+++ Data supplied
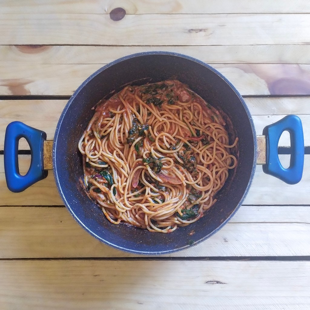 Espaguetti con salsa de tomate, chile de árbol, queso mozzarella y espinacas
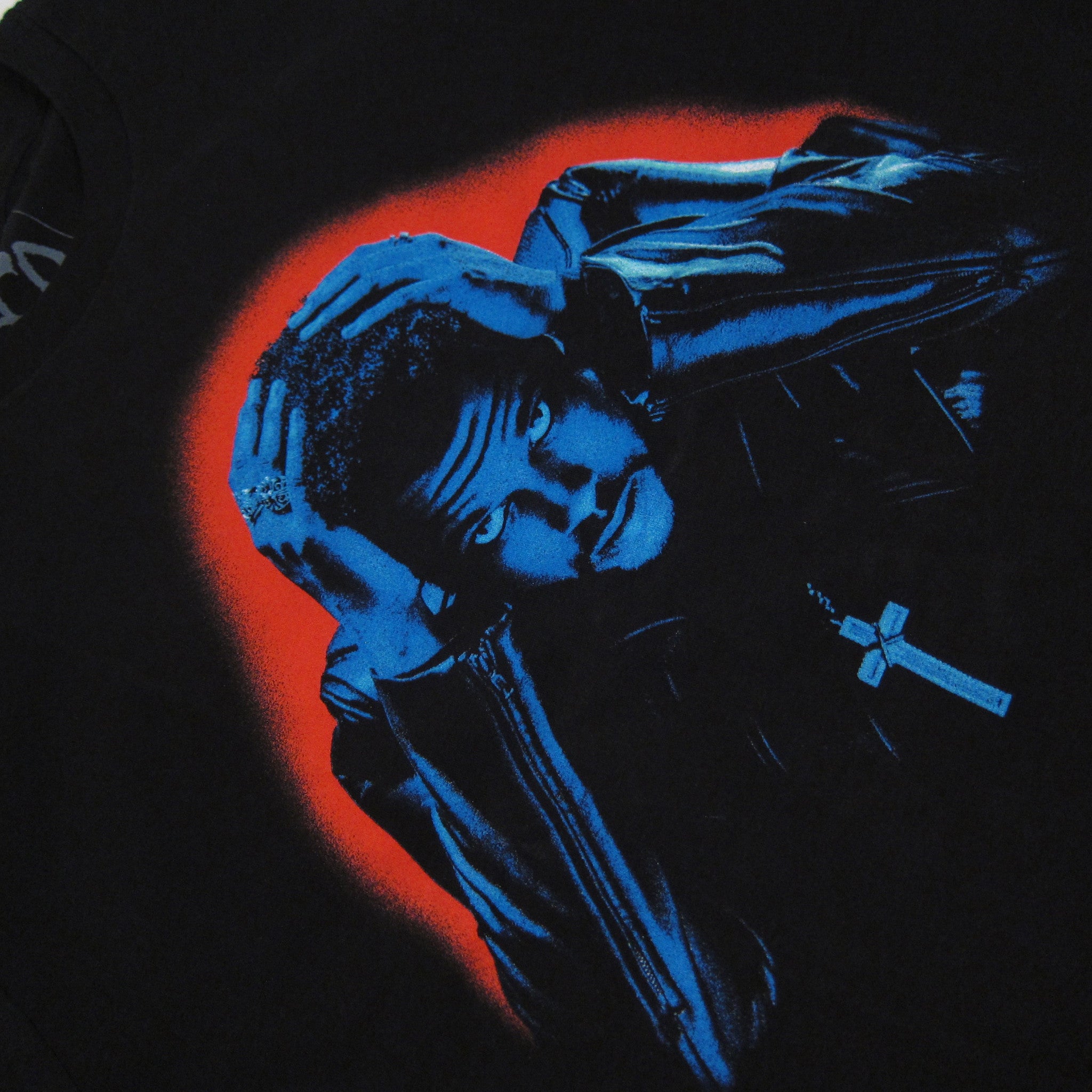 • Cover shot from The Weeknd's third album gets the shirt treatment. Features the Nabil Elderkin's photograph of Abel (sans hair) on the front with small "XO" logo hit below neck. 100% cotton, standard fit.
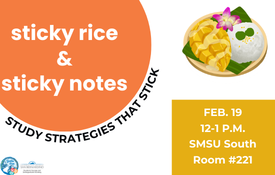 Join us for Sticky Rice, Sticky Notes: Strategies That Stick, a hands-on session covering study tips and techniques for different majors and types of course content. Learn about useful academic tools, explore on-campus resources, and enjoy mango sticky rice while picking up strategies that actually stick!
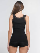 Bezauberndes Tank-Top in Feinripp, mit Dentelle de Calais®-Spitze, aus feinster, Ägyptischer Makò-Baumwolle; aus der Serie FILOSCOZIA FINE RIB von Oscalito
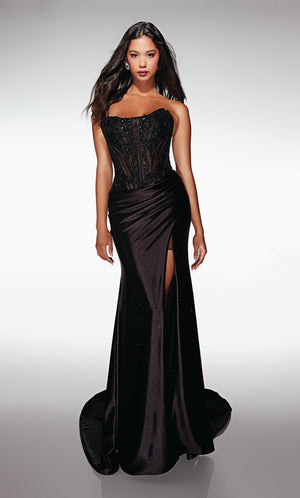 The straight/sheath (or column) silhouette gracefully skims to show off your body’s natural shape. A person with a thicker waist and wider hips will love this silhouette as it hides these flaws very comfortably. An ALYCE Paris formal straight/sheath evening dress style’s straight lines lengthen—and lend an effortless and modern air.
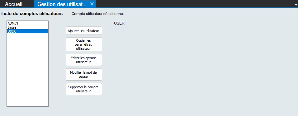 À partir du menu, utiliser : Réglages > Gestion des utilisateurs
++++++
Assignment:
Return the listing verbatim, pictures excluded.

Exercise output:
 Espaguetti con salsa de tomate, chile de árbol, queso mozzarella y espinacas
 • Cover shot from The Weeknd's third album gets the shirt treatment. Features the Nabil Elderkin's photograph of Abel (sans hair) on the front with small "XO" logo hit below neck. 100% cotton, standard fit.
 Join us for Sticky Rice, Sticky Notes: Strategies That Stick, a hands-on session covering study tips and techniques for different majors and types of course content. Learn about useful academic tools, explore on-campus resources, and enjoy mango sticky rice while picking up strategies that actually stick!
 Bezauberndes Tank-Top in Feinripp, mit Dentelle de Calais®-Spitze, aus feinster, Ägyptischer Makò-Baumwolle; aus der Serie FILOSCOZIA FINE RIB von Oscalito
 The straight/sheath (or column) silhouette gracefully skims to show off your body’s natural shape. A person with a thicker waist and wider hips will love this silhouette as it hides these flaws very comfortably. An ALYCE Paris formal straight/sheath evening dress style’s straight lines lengthen—and lend an effortless and modern air.
 À partir du menu, utiliser : Réglages > Gestion des utilisateurs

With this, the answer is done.